Community
The Institute recognizes and maintains human values in performing outstanding R&D activities. We perform our social role with the same discipline, strategy and responsibility as we deal with computer and automation sciences. Building on our past and the commitment of our colleagues, and with the help of our online and off-site services we create sustainable IT solutions offering our technical and intellectual sources to industrial partners, employees and social communities.
During its 40 years of operation, MTA SZTAKI has set its corporate social responsibility principles: environment-conscious attitude, promoting best practices, setting good examples and building communities. The Institute, through its activities, contributes to reducing environmental burdens and to solving global-scale problems of medicine, environment and telecommunication. Our products, services and high-level technological solutions result in substantial cost reduction for industrial partners and for the public. It is of great importance that we save past values and create future values in an innovative way.

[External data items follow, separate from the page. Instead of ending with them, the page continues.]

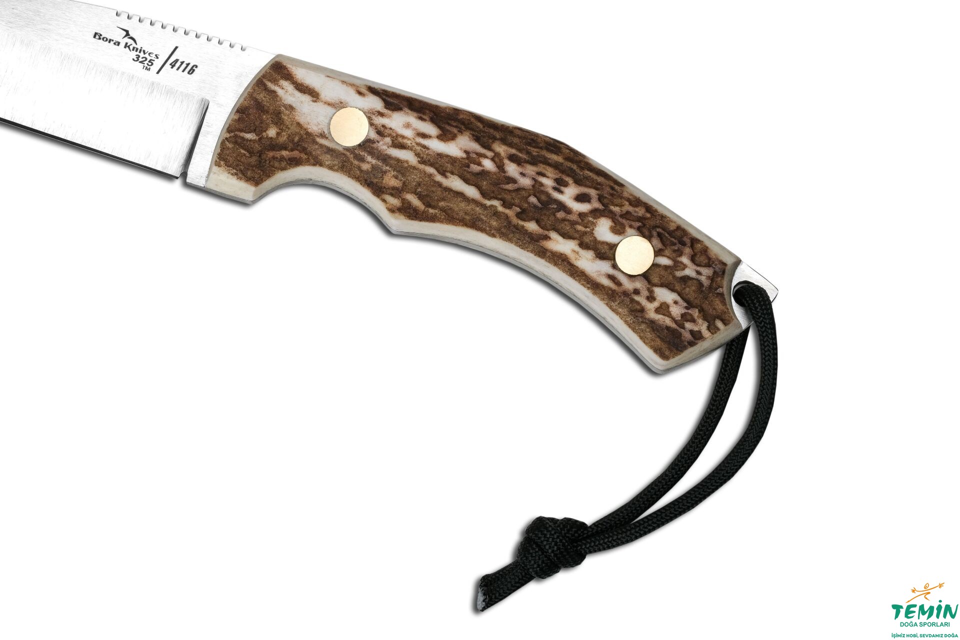 Sapında malzeme olarak Geyik Boynuzu kullanılmaktadır. Her sene üreme döneminden sonra geyiklerin boynuzları düşer, yerine yenisi çıkar. Sınırlı ölçülerde Orman Bakanlığımızdan satın alabildiğimiz, geyik boynuzu sert yapısı ile birlikte dayanıklılığında güçlü olmasından dolayı özellikle bıçakta görselliğe önem veren kullanıcılar tarafından tercih edilmektedir. Doğal yapısı nedeniyle her bıçak üzerinde farklı bir görsellik oluşturmaktadır.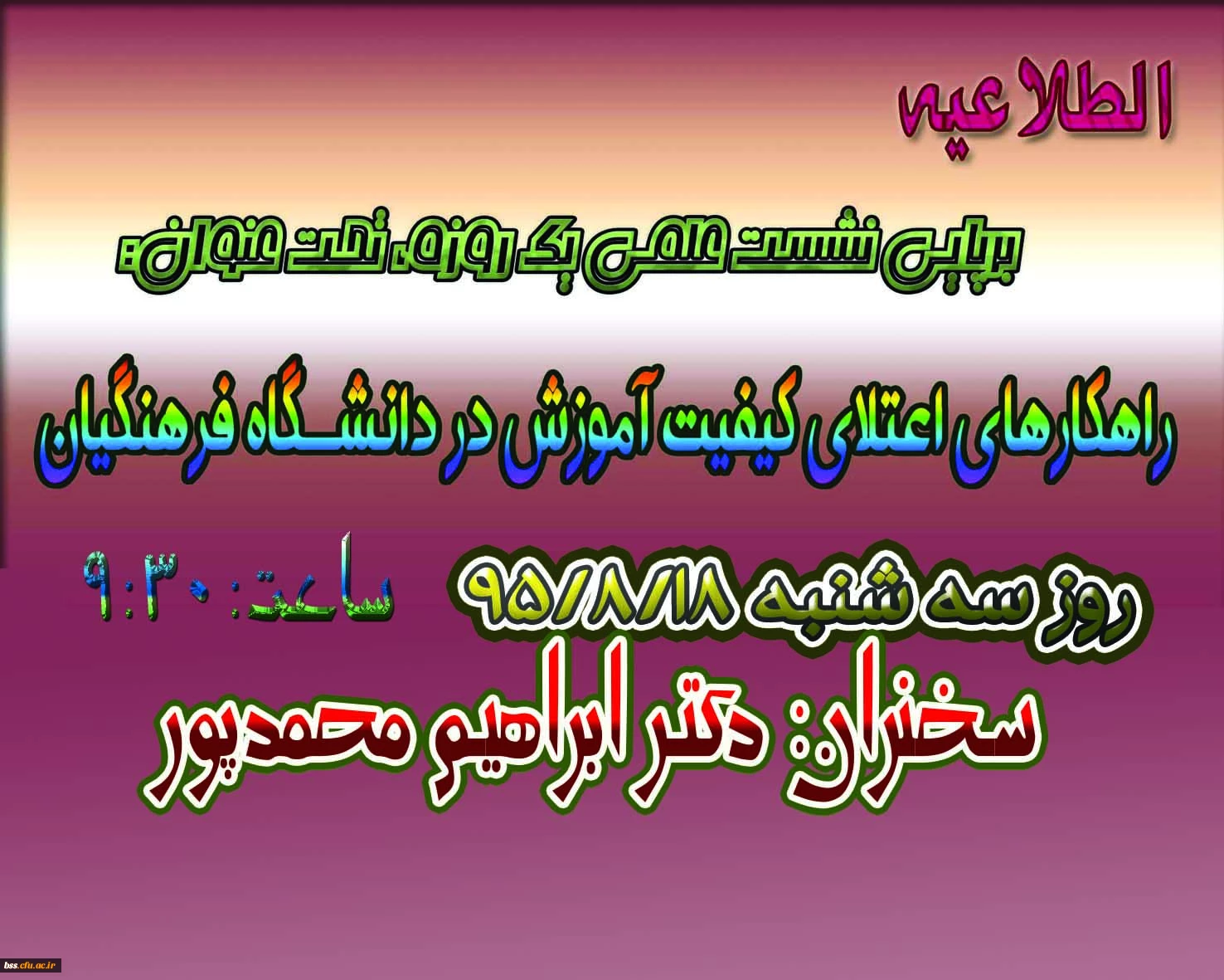 امتیاز دهید : نشست علمی راهکارهای اعتلای کیفیت آموزش در دانشگاه فرهنگیان سهشنبه 18 آبان 1395 ساعت 0:42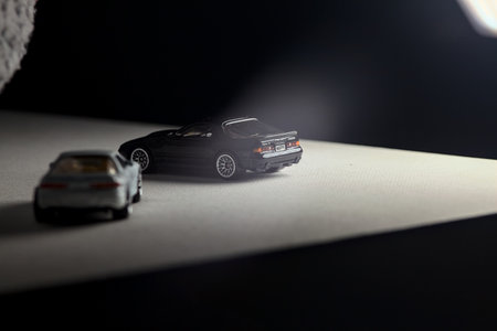 Mantua, Italy - 3RD JANUARY 2025 - Hot Wheels and Matchbox replicas of a 1989 Mazda Savanna RX-7 and a Mitsubishi 3000 GT on a white board, next to a gray piece of fabric, pretending to have a race on a mountain road by the edge of a cliff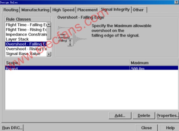 包含電源網(wǎng)絡(luò)設(shè)計(jì)規(guī)則,指定每個電源網(wǎng)絡(luò)和電壓。從“Rule Classes”中選“Overshoot Falling Edge”點(diǎn)擊“Add”,在談出對話框中選擇“Fiter Kind”設(shè)為“Whole Board”,并且改變右側(cè)“Maximum(Volts)”為“0.5”,點(diǎn)取“OK”,存入這條規(guī)則。重復(fù)剛才的步驟,設(shè)置“Undershoot-Falling Edge”,兩個強(qiáng)制信號完整性規(guī)則。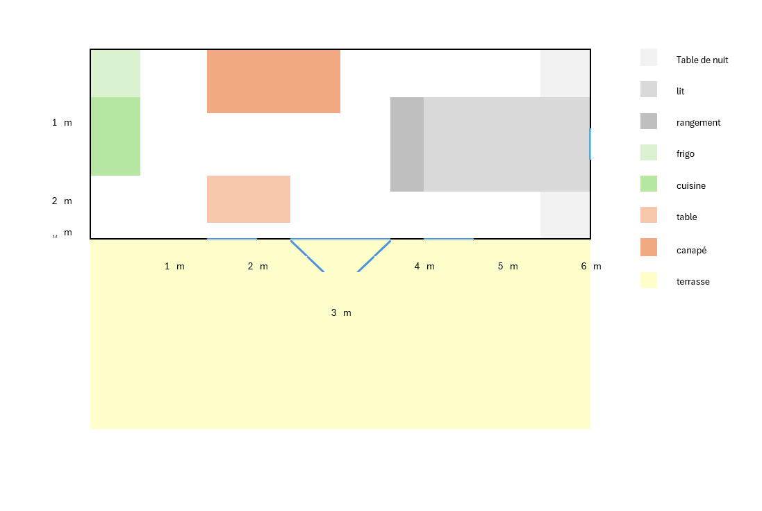 La taille mesure 6 mètres de long et 2m40 de large, avec une terrasse d'environ la même taille, un grand parasol et un jardin.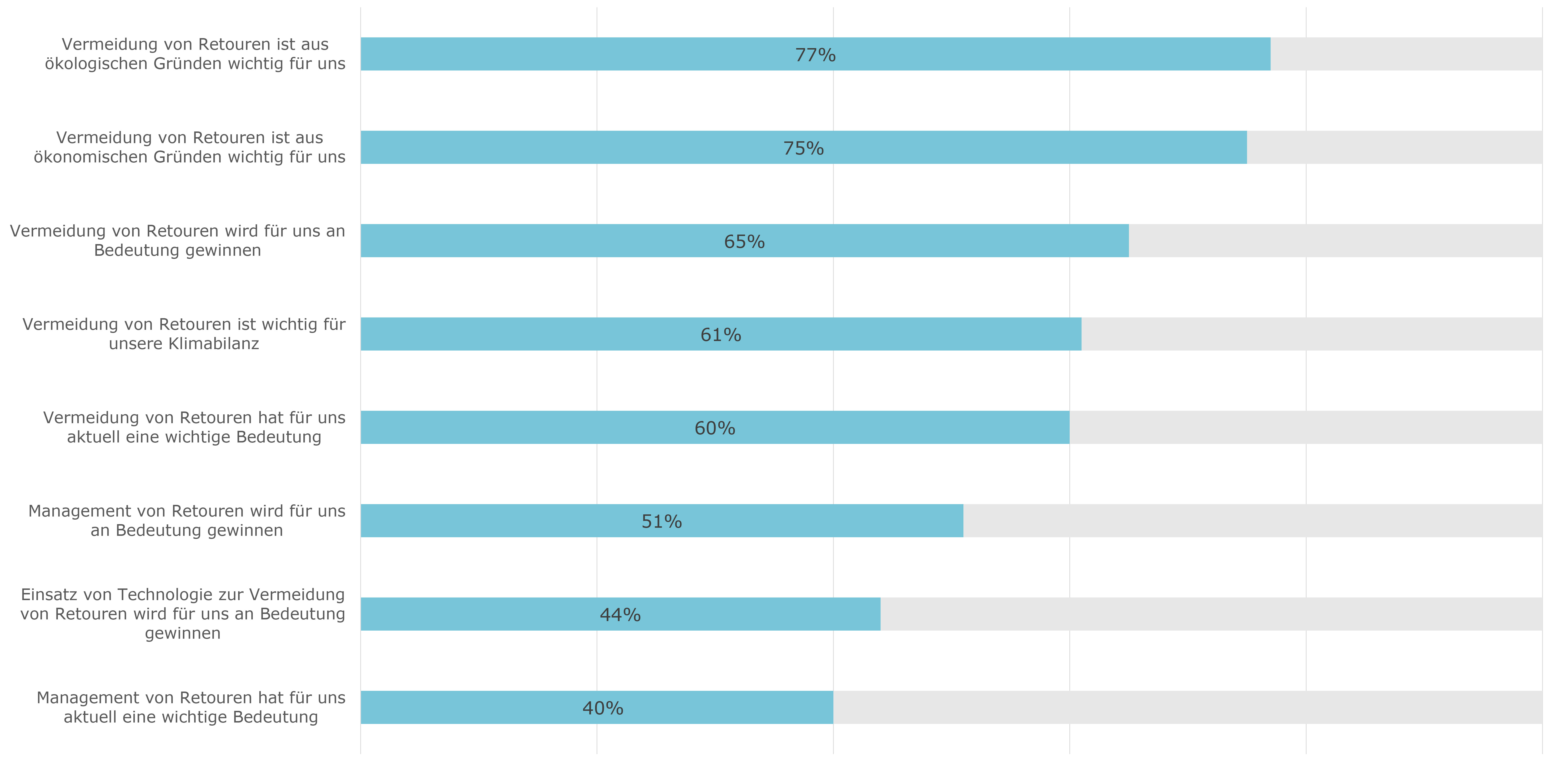 Rund zwei Drittel aller befragten Onlineshops geben an, dass die Vermeidung von Retouren für sie an Bedeutung gewinnen wird (Abbildung 2: Inwieweit treffen folgende Aussagen zu?; zum Vergrössern klicken).

We are proud of our values and we urge active communication in public life. We feel that our activity has a valuable effect on people’s everyday life, concerning either the field of economics, culture, science or education. Some examples are presented here to show how Computer and Automation Research Institute of the Hungarian Academy of Sciences acts for the betterment of the world.
The Institute has been a member of the World Wide Web Consortium (W3C) since 1995, and hosts the first W3C Office in East-Central Europe. The W3C Hungarian Office provides Hungarian universities, colleges, governmental and civil organizations with up-to-date information about W3C developments (specifications, principles, software), and on its website publishes W3C news and W3C documents in Hungarian.
SZTAKI Dictionary (SZTAKI Szótár) is the most popular free online dictionary service in Hungary. It was launched in 1995 with an English-Hungarian Dictionary service as one of the first interactive web services in our country, with 3 500 visitors per week. By 2010 the service - with 6 dictionaries and over 100 000 visitors per day – generated traffic of the size of the most popular online daily papers and thematic portals.